START Recorded data

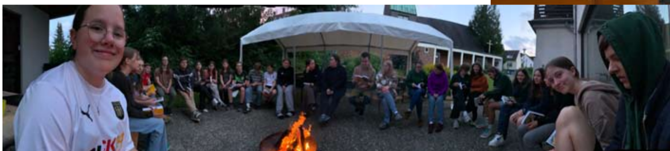
Mitarbeiterfest im Juni
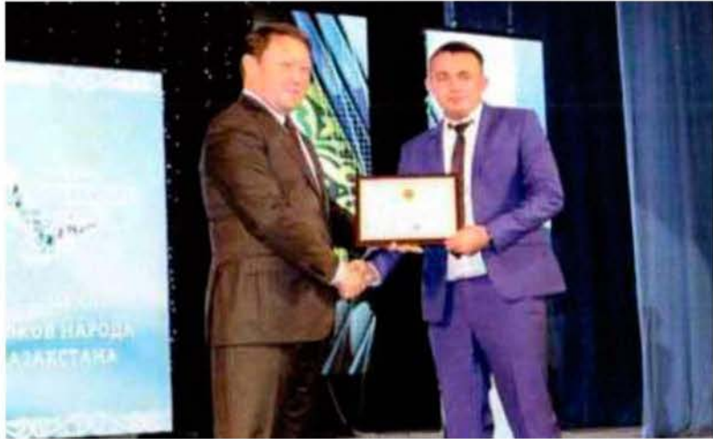
Благодарственное письмо «За большой личный вклад в развитие языков народов Казахстана» от акима Северо-Казахстанской области К. И. Аксакалова. г. Петропавловск, 2017 г.
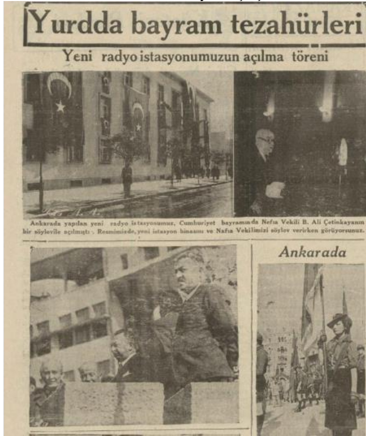
Resim 3. Ankara Radyosu açılış töreni
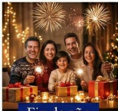
Fin de año

Corporativo-s celebra momentos especiales con sus asociados ofreciendo obsequios únicos para el Día del Niño, fin de año y cumpleaños, fortaleciendo el vínculo con nuestra comunidad.
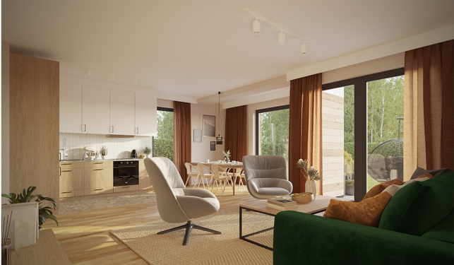
Widok na jasny salon z południową ekspozycją
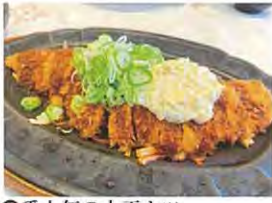
② 番人気の大正カツ
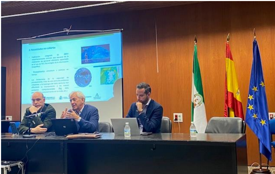
Imagen 2: Jornada de Presentación CPM AIDEA, 24 de octubre de 2023.
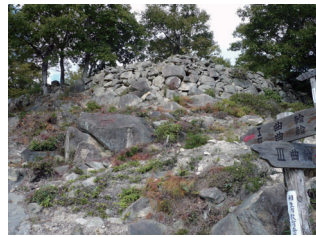
感状山城跡 (国指定史跡)
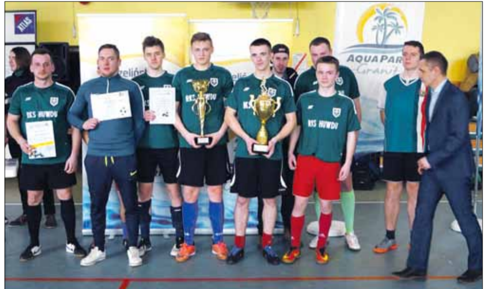
Drugie miejsce w tabeli rozgrywek zajęła drużyna RSK HUWDU
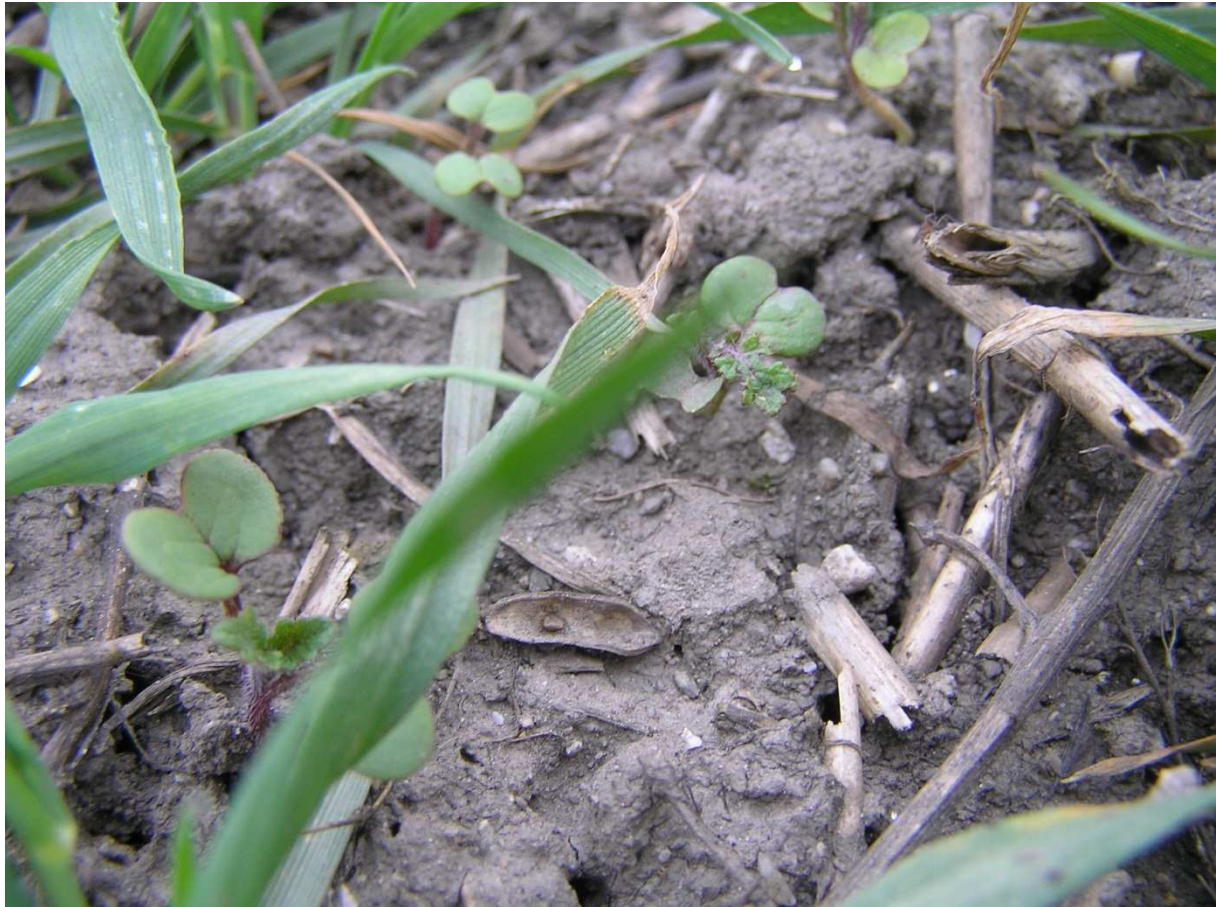
Abb.7: Aufnahme vom 17.4.2013: im Frühjahr gekeimter Senf unter konkurrenzkräftigem Weizen

Im Frühjahr sind die im Herbst gekeimten Senfpflanzen nicht mehr zu finden. Es zeigen sich aber neue Keimlinge. Der Weizen bildet aber schon einen konkurrenzkräftigen Bestand, der sich bei ausreichender Feuchtigkeit und Temperatur weiter bestockt und ins Schossen geht. Es bleibt zu beobachten, wie weit der Senf mitwachsen kann.
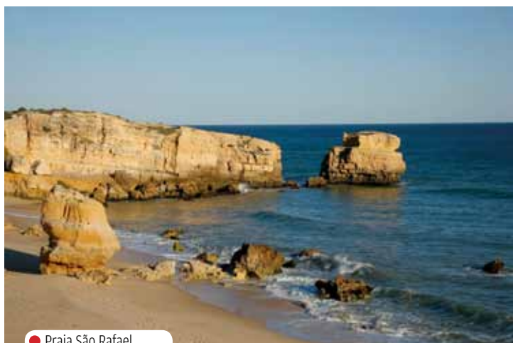
● Praia São Rafael
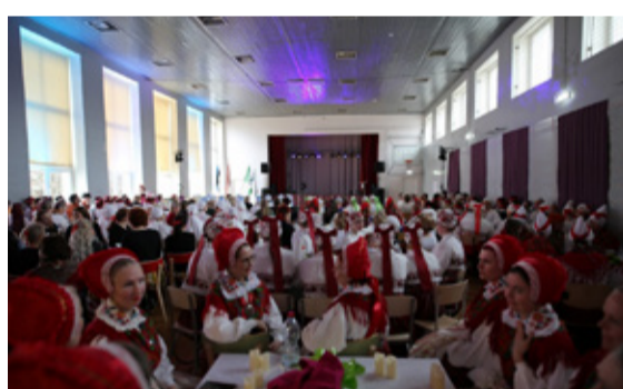
Osales ligi 300 rahvatantsijat.
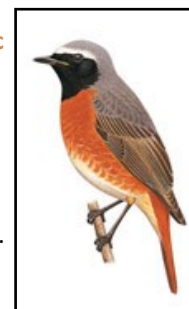
Rougequeue à front blanc

La confusion avec le Rougequeue à front blanc est fréquente mais le dessous du mâle est rouge-orangé et il possède un bandeau blanc caractéristique sur le front. La femelle de Rougequeue à front blanc est plus pâle sur la ventre et sa poitrine est beige plutôt que grise. Le Rougequeue à front blanc frétille moins de la queue.
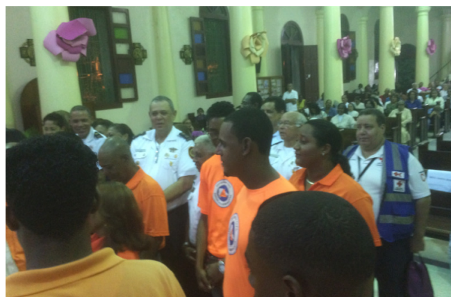
Reconocimiento a las Instituciones de Servicio Por la Iglesia Santa Rosa de Lima en sus fiestas Patronales
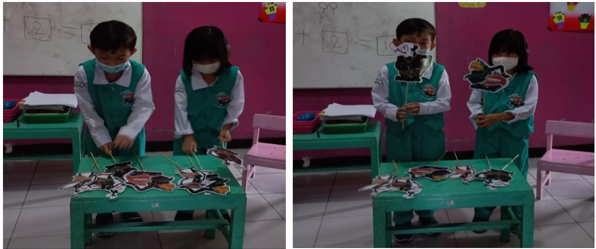
Gambar 7. Anak Menceritakan tokoh Punokawan
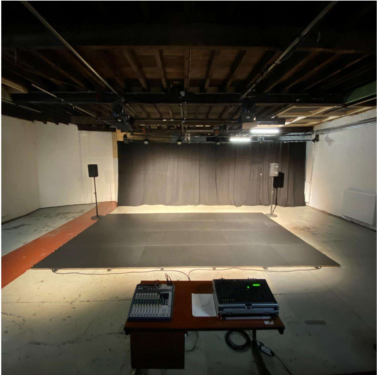
Vue du plateau avec le plancher installé, le gradin est dans notre dos.
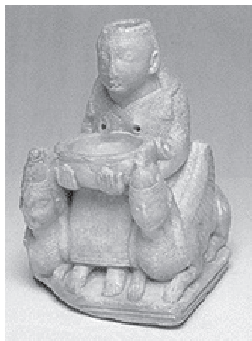
Figura 3. Dama de Tútugi (Galera, Granada).

reconocibles—, o, en otro formato y soporte, la plasmación de ricas figuraciones en cerámicas que a veces constituyen vasos de encargo para ocasiones señaladas. Una cultura mediterránea, con sus características y dinámica propias que diseña, fuera del ámbito doméstico, en las necrópolis y los santuarios, espacios públicos de representación, también femenina.
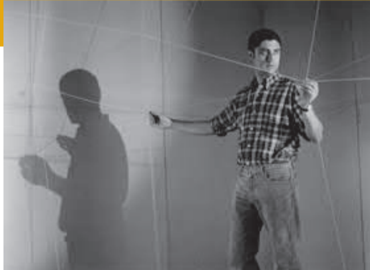
Gianni Colombo in seinem Ambiente «Spazi elastico», trigon 67, Graz 1967

Gianni Colombo (1937–1993) is among the most impressive representatives of Op Art and Kinetic Art. His «Ambienti», which create spatial arrangements with artificial light and changeable structures, began to appear in 1964. Colombo also called them «Spazi elastici», elastic spaces: elastic bands are moved horizontally and vertically either by hand or by motors and as a result the spatial constellations change continuously. The exhibition at Haus Konstruktiv is the first comprehensive retrospective in a Swiss museum dedicated to the artist. At the same time Sehgal realises one of his distinctive projects.
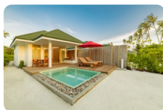
Sunset Pool Beach Villa
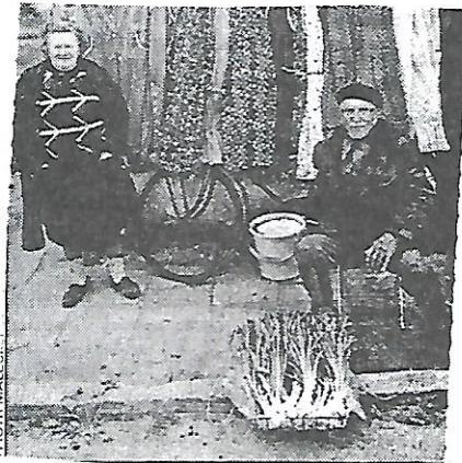
Gdy kryzys ogarnie USA, nędza w Polsce pogorszy się jeszcze bardziej

ponownego rozwoju gdzie indziej na świecie wystarczyły by kapitał zaczął tam przysypywać. Np. ostatnio pieniądź wpłynął do Japonii doprowadzając do wzrostu wartości Jena (zagrożając tym samym zniszczeniem uzdrowienia japońskiej gospodarki) i zmniejszenia wartości dolara.
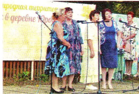
Более 15 коллективов продемонстрировали свои таланты

Думаю, что разговоры в Юрове и сам праздник найдут достойное место в новой книге, которая, надеюсь, выйдет уже в октябре этого года».
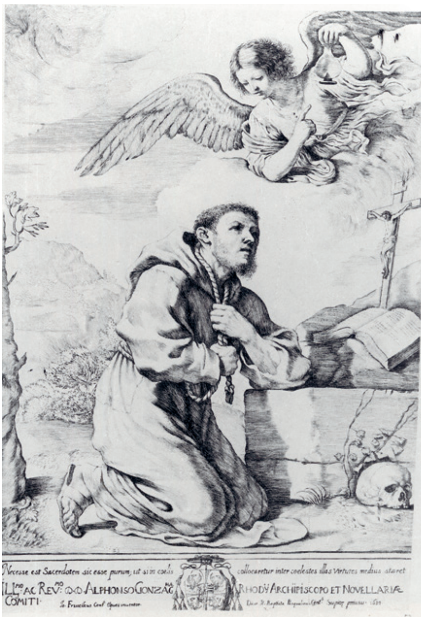
Figura 16.–Giovanni Battista Pasqualini, San Francisco recibiendo la redoma , Bolonia.

END Recorded data

To do: When a line in the listing has the word "blanc", return that line.

Written answer:
Rougequeue à front blanc
La confusion avec le Rougequeue à front blanc est fréquente mais le dessous du mâle est rouge-orangé et il possède un bandeau blanc caractéristique sur le front. La femelle de Rougequeue à front blanc est plus pâle sur la ventre et sa poitrine est beige plutôt que grise. Le Rougequeue à front blanc frétille moins de la queue.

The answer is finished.